TRY IT: Starting at the line that contains "- After it has", write out each line exactly through the last one in the material below, and nothing more; omit all pictures.

GIVEN MATERIAL:

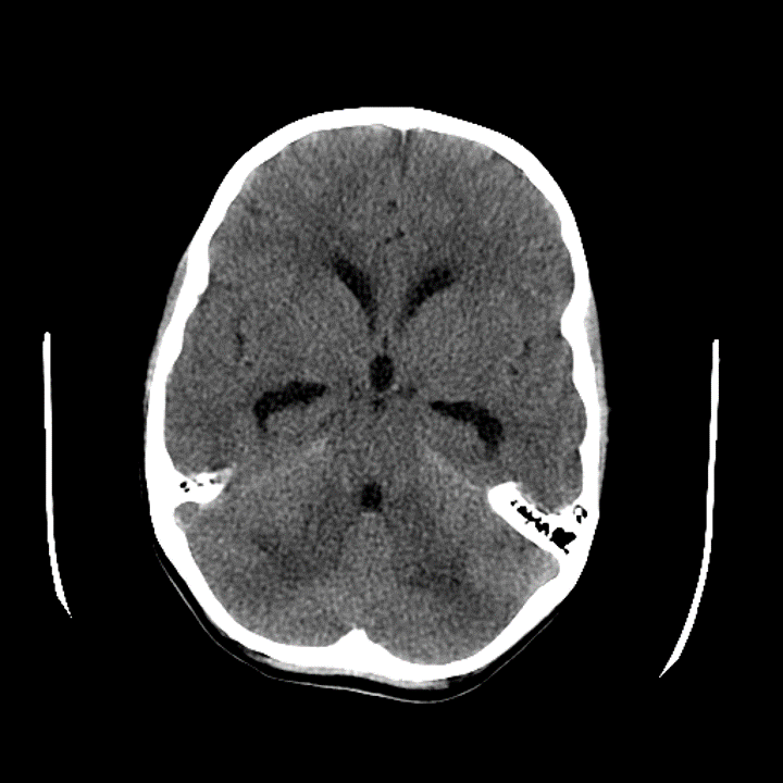 • Patchy hypoattenuation in the bilateral cerebellar hemispheres with mass effect in the posterior fossa resulting in crowding of the fourth ventricle and inferior descent of the cerebellar tonsils into the foramen magnum
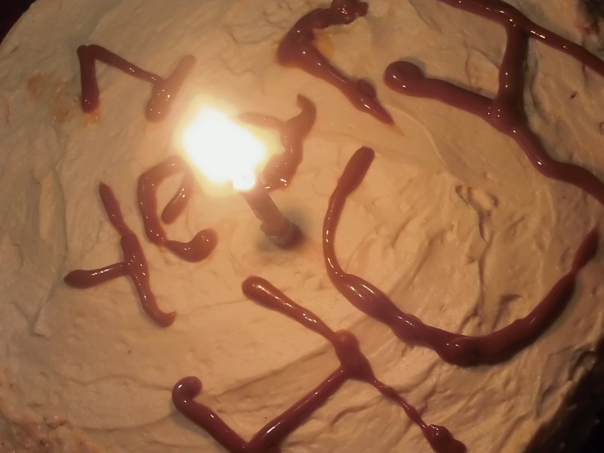 - After it has chilled for some hours you can open the cake pan and then decorate the top with at least one spoonfull of caramel. I decorated it with a message for the one year anniversary of Humano, creativamente humano, but as you can see my decorative skills aren’t sky-high so I’d rather not explain how exactly one decorates a cake…
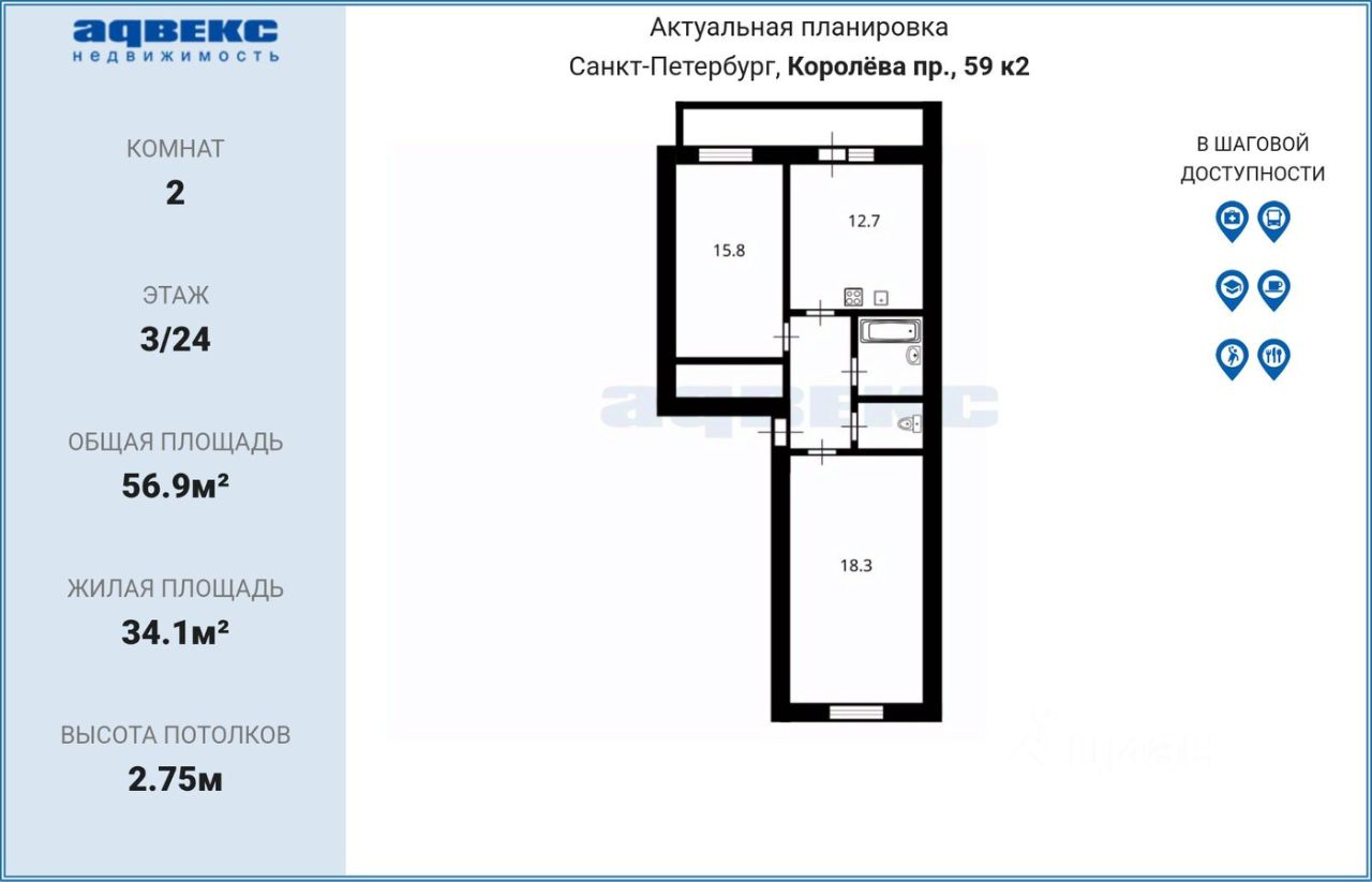 Одна из самых удачных планировок в ЖК: квартира двухсторонняя с окнами в закрытый двор без машин и внутренний проезд (не на шумный проспект); большие по площади кухня, комнаты и санузел. Разумно решен вопрос с местами хранения. Оборудована гардеробная в спальне. В прихожей - эргономичный встроенный шкаф. Свежий современный ремонт в ванной и туалете. Широкая лоджия площадью более 7 кв. метров которую можно использовать как дополнительное место хранения вещей, детских колясок, самокатов и велосипедов и/или как рабочий кабинет.

RESULT FOR THIS TASK:
 - After it has chilled for some hours you can open the cake pan and then decorate the top with at least one spoonfull of caramel. I decorated it with a message for the one year anniversary of Humano, creativamente humano, but as you can see my decorative skills aren’t sky-high so I’d rather not explain how exactly one decorates a cake…
 Одна из самых удачных планировок в ЖК: квартира двухсторонняя с окнами в закрытый двор без машин и внутренний проезд (не на шумный проспект); большие по площади кухня, комнаты и санузел. Разумно решен вопрос с местами хранения. Оборудована гардеробная в спальне. В прихожей - эргономичный встроенный шкаф. Свежий современный ремонт в ванной и туалете. Широкая лоджия площадью более 7 кв. метров которую можно использовать как дополнительное место хранения вещей, детских колясок, самокатов и велосипедов и/или как рабочий кабинет.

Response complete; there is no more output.